Source	API Endpoint	Coverage	Salary Data	Notes
Remotive	`remotive.com/api/remote-jobs`	Remote tech jobs worldwide	Structured field + description regex	Single page, `?search=X&limit=N`
Arbeitnow	`arbeitnow.com/api/job-board-api`	European focus, all job types	Description regex only	Paginated up to 3 pages, `created_at` is Unix timestamp
Jobicy	`jobicy.com/api/v2/remote-jobs`	Remote-first jobs	Structured `annualSalaryMin/Max` fields	`?count=N&tag=X`
HN Who's Hiring	`hn.algolia.com/api/v1/search`	Startup jobs from monthly threads	Description regex only	Searches comments from last 90 days, parses company from first line

Skill Detection System

The actor scans each job description against 80+ built-in technology patterns organized into 6 categories. Add domain-specific skills via the customSkills input — they're treated as first-class members of the categorisation, premium, and scarcity systems.

Category	Skills Detected
Languages	Python, JavaScript, TypeScript, Java, Rust, C++, Ruby, PHP, Swift, Kotlin, Scala, SQL, R, Go
Frameworks	React, Angular, Vue, Next.js, Django, Flask, Spring, Rails, Laravel, FastAPI, Express, Node.js, Svelte, NestJS, .NET
Cloud	AWS, Azure, GCP, Docker, Kubernetes, Terraform, CI/CD, Jenkins, GitHub Actions, CloudFormation
Data	PostgreSQL, MongoDB, Redis, Elasticsearch, Kafka, Spark, Snowflake, BigQuery, Airflow, MySQL, DynamoDB, Cassandra, Redshift
AI/ML	Machine Learning, Deep Learning, NLP, Computer Vision, PyTorch, TensorFlow, LLM, GPT, RAG, Generative AI, Neural Network
Other	Git, Linux, Agile, REST, GraphQL, gRPC, Microservices, Scrum, DevOps, SRE

Special handling: R and Go use context-aware regex to avoid false positives (e.g., "R" only matches when near "programming", "language", or other languages; "Go" matches "Golang" or "Go" in programming context).

Salary Extraction

Salary parsing uses multiple regex patterns applied to both structured API fields and free-text descriptions:

Pattern	Example	Currency
`$Xk - $Xk`	$120k - $180k	USD
`$X,XXX - $X,XXX`	$120,000 - $180,000	USD
`$Xk/year`	$150k/year	USD
`$X,XXX/year`	$150,000/year	USD
`€X - €X`	€50,000 - €80,000	EUR

Values under 1,000 are automatically multiplied by 1,000 (treating "150" as "$150k"). The summary report computes statistics from the sorted union of all min and max salary values.

Deduplication Algorithm

Two-phase deduplication for resilience against the same role posted across multiple boards with cosmetic title differences.
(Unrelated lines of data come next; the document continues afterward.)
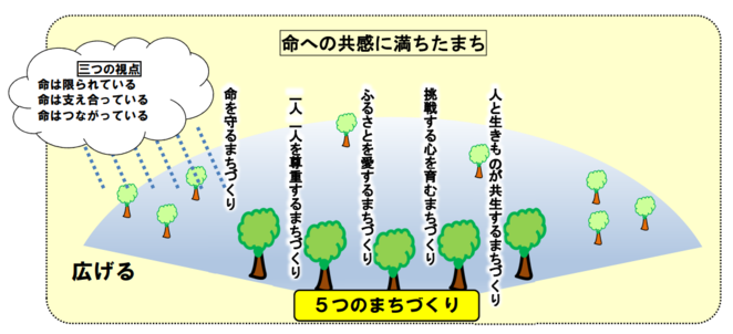 まちづくりの長期目標は「命への共感に満ちたまち」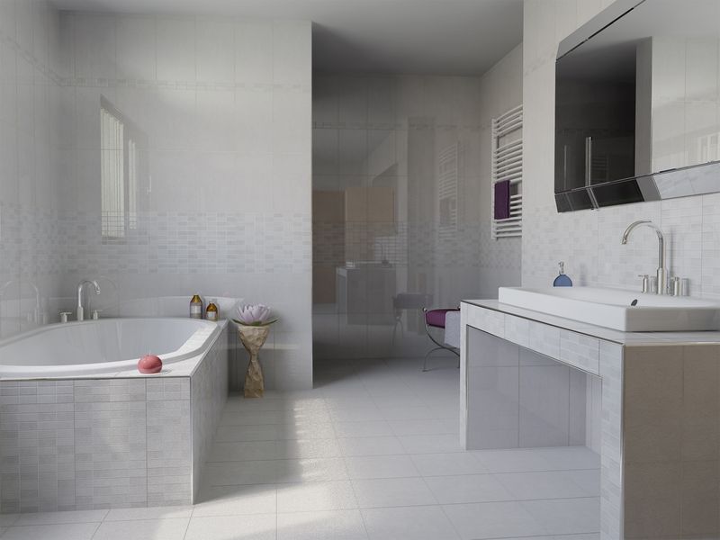 Fényes világos szürke klasszikus stílusú fürdöszoba, konyha csempe.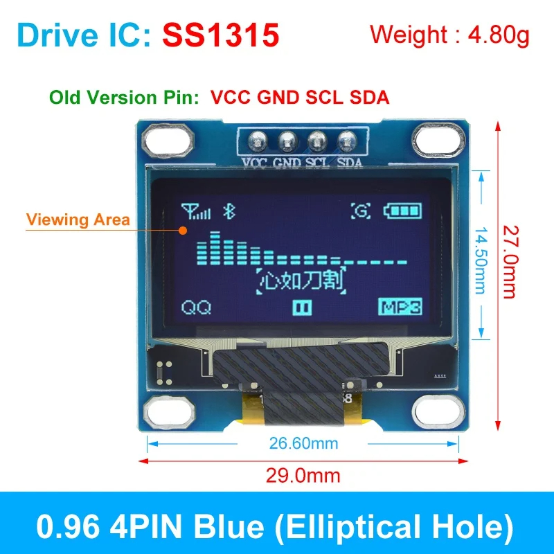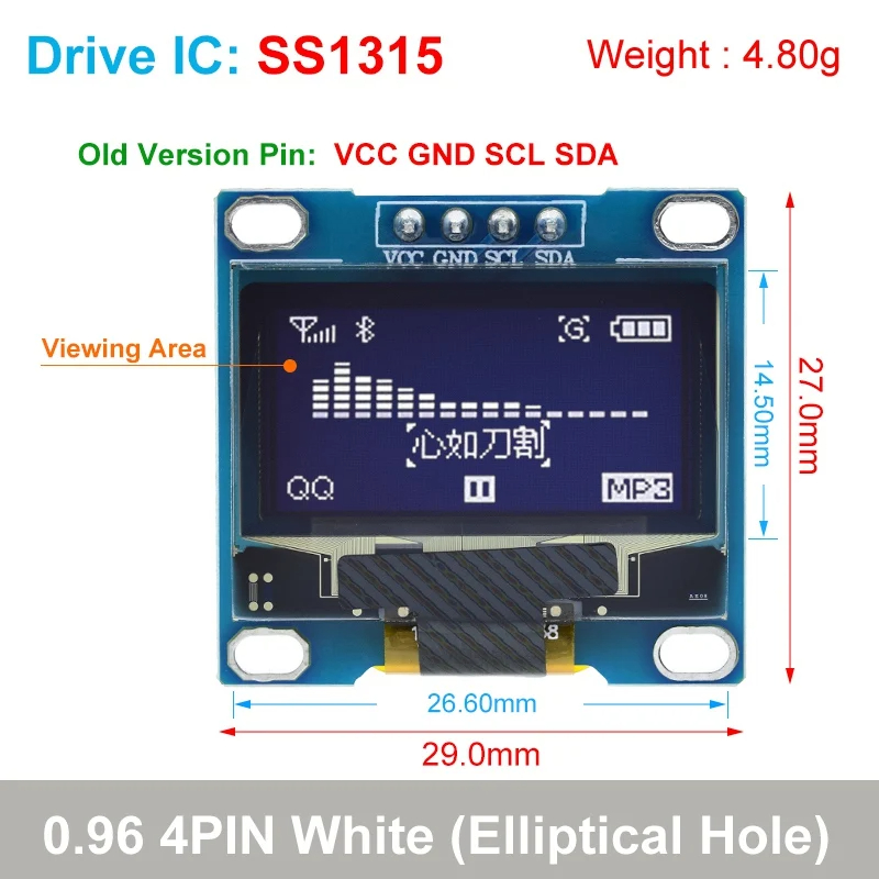 TZT Original 0.96 inch oled IIC Serial White OLED Display Module 128X64 I2C SSD1315 12864 LCD Screen Board For Arduino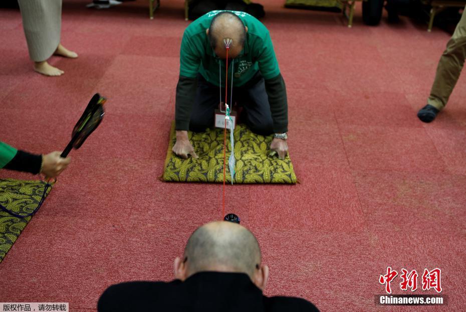 當(dāng)?shù)貢r(shí)間2月22日,日本一謝頂男人俱樂部里,成員將吸盤吸附在頭頂進(jìn)行拔河游戲。

Title normalization — the title is lowercased, stripped of punctuation, and tokenized. Noise tokens (senior, sr, jr, mid, junior, staff, principal, lead, remote, fulltime, i, ii, iii, articles, prepositions) are removed so "Senior React Engineer" and "React Engineer (Sr)" collapse to the same key. Remaining tokens are alphabetised and capped at 80 characters.
Primary dedup key = company.toLowerCase().trim() + "::" + normalizedTitle.
URL secondary key = hostname + pathname from job.url. If the same URL has been seen under any primary key, the listing is folded into that key's crossSourceCount rather than re-counted.
The first listing encountered for each primary key is kept; subsequent duplicates increment crossSourceCount on the surviving record. crossSourceConfirmed: true fires when count > 1.

The two-phase approach catches both (a) the same role with cosmetic title variants and (b) the exact same URL re-syndicated to multiple boards.

HN Who's Hiring Comment Parsing

Hacker News comments are unstructured text. The actor extracts structured data via:

Company: Regex on first line: ^([A-Z][A-Za-z0-9\s&.'-]+?)[\s]*[|(\-–]/ (expects "Company | Role" format)
Role: Matches patterns like "hiring/looking for/seeking X" or "Company | X"
Remote: Word boundary match for /\bremote\b/i
Location: Matches "location/based in/office in: X"
Minimum length: Comments under 50 characters are skipped

How Much Does It Cost?

The Job Market Intelligence actor uses minimal compute resources because it calls lightweight REST APIs rather than rendering web pages. No proxies are required.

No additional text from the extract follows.